When would I see this "resume failed..." message?


Just before the initrd steps, on a normal (non-resume) boot. The message is kind of lame; of course it's going to fail because there's no resume image in the swap area, on a normal boot. Since the messages fly by very fast, look in /var/log/boot.msg or /var/log/boot.omsg, after booting. Assuming you were able to boot.




I do not see this in log or at startup. oh well

Well, this is a laptop here.. Um.. cdrom is /dev/hdc and 80gig HDD
(PATA?/SATA? see above) is /dev/sda



OK, the ATAPI patches are _not_ engaged, otherwise ata_piix would have attached the CD as /dev/sr0. And ata_piix _is_ talking SATA to the primary drive. Without the patch it is not possible to do DMA on your CD drive, which precludes using the burner feature (if any).




That's okay, I'm not trying to fry that fish right now.

Nasty consequence: when the kernel tries to read the resume image from your primary disc, it has no driver. So it prints an error code ultimately meaning "no such device" and continues with normal booting, specifically doing the initrd.



Apparently not doing suspend-to-disk right now I guess this is moot.. but I'm going to try hibernate instead to see if there's any difference.

Pavel Machek, starting in kernel 2.6.11.something, put in a feature where (after loading the needed drivers) you could set the device number of the swap partition, then echo resume > /sys/power/state. In SuSE 9.3 the initrd finishes with this magic incantation. In checking out SuSE 9.3 last night I wasn't able to get to that step, but I'm virtually certain that it will work well.
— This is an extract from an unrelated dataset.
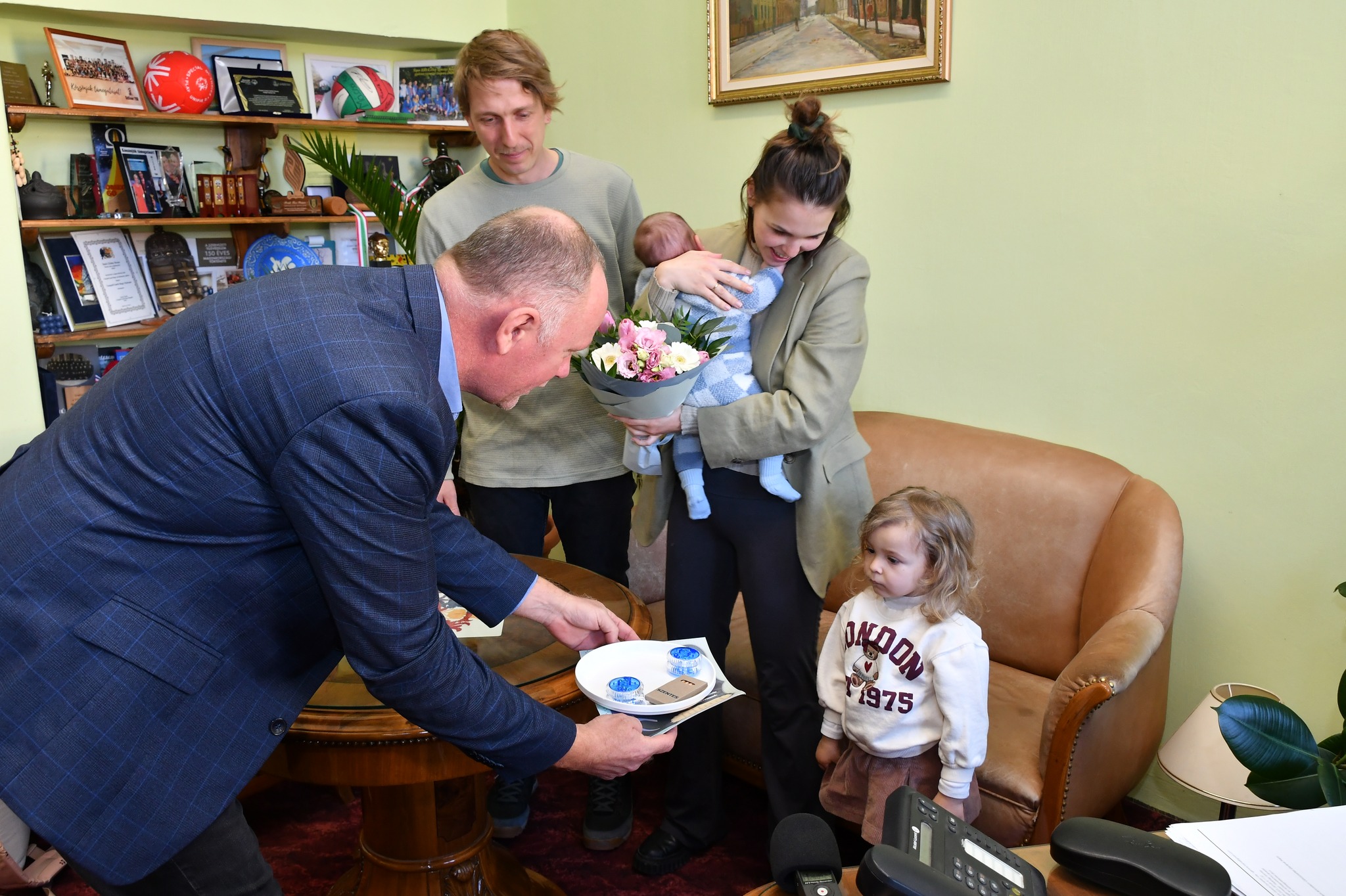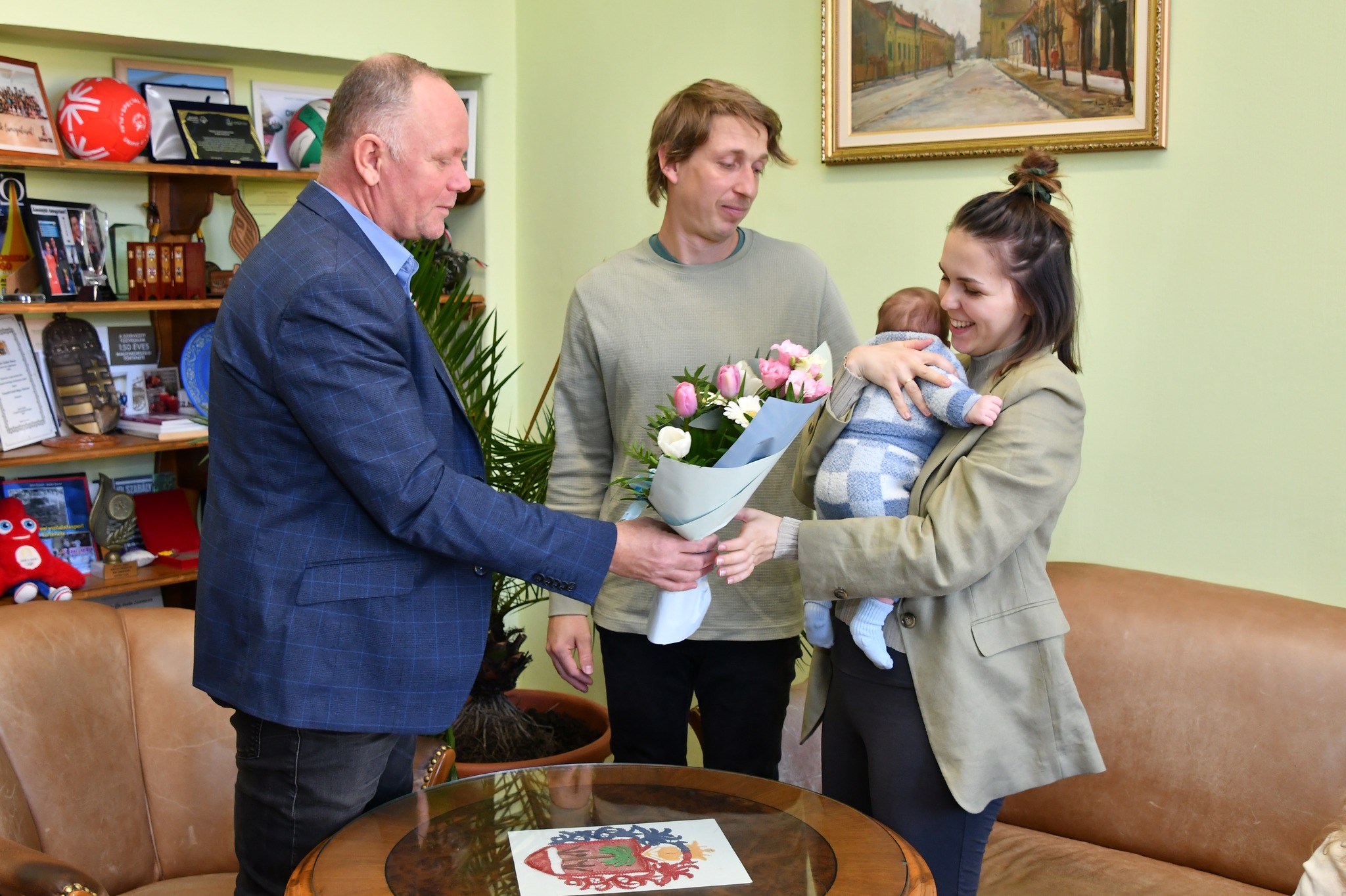 Ma, február 17-én Szabó Zoltán Ferenc polgármester a Városházán fogadta Vilmost, szüleit – Budai Zsoltot és Budai Abigélt –, valamint hároméves nővérét, Micit. A találkozón meleg szavakkal gratulált a családnak, akik boldogan meséltek a kisfiú érkezéséről.

I wish I could figure out where to get SuSE 9.3 without forking out $100.. I might be willing to if I knew 9.3 would work for me. I guess I could try the live disc, but dunno if the boxed set would work even if the live disc did. FTP installs are fine for me with 4Mx2M internet connection.

Seeing that the HDD light is stuck on after resuming in 2.6.11, I think it's
not an ATAPI issue, but the HDD's driver. On 2.6.12 I don't know what is
failing becauase it just immediately reboots after trying to resume..



Maybe we should be sure that it's suspending to disc, not to RAM. The symptom is very reminiscent of a suspend2ram screwup.




It's not.. so I'm about to try that.

Also, I'm getting a few other replies talking about a guy working on the SATA driver's support for that as we speak.. I plan to get in touch with him too.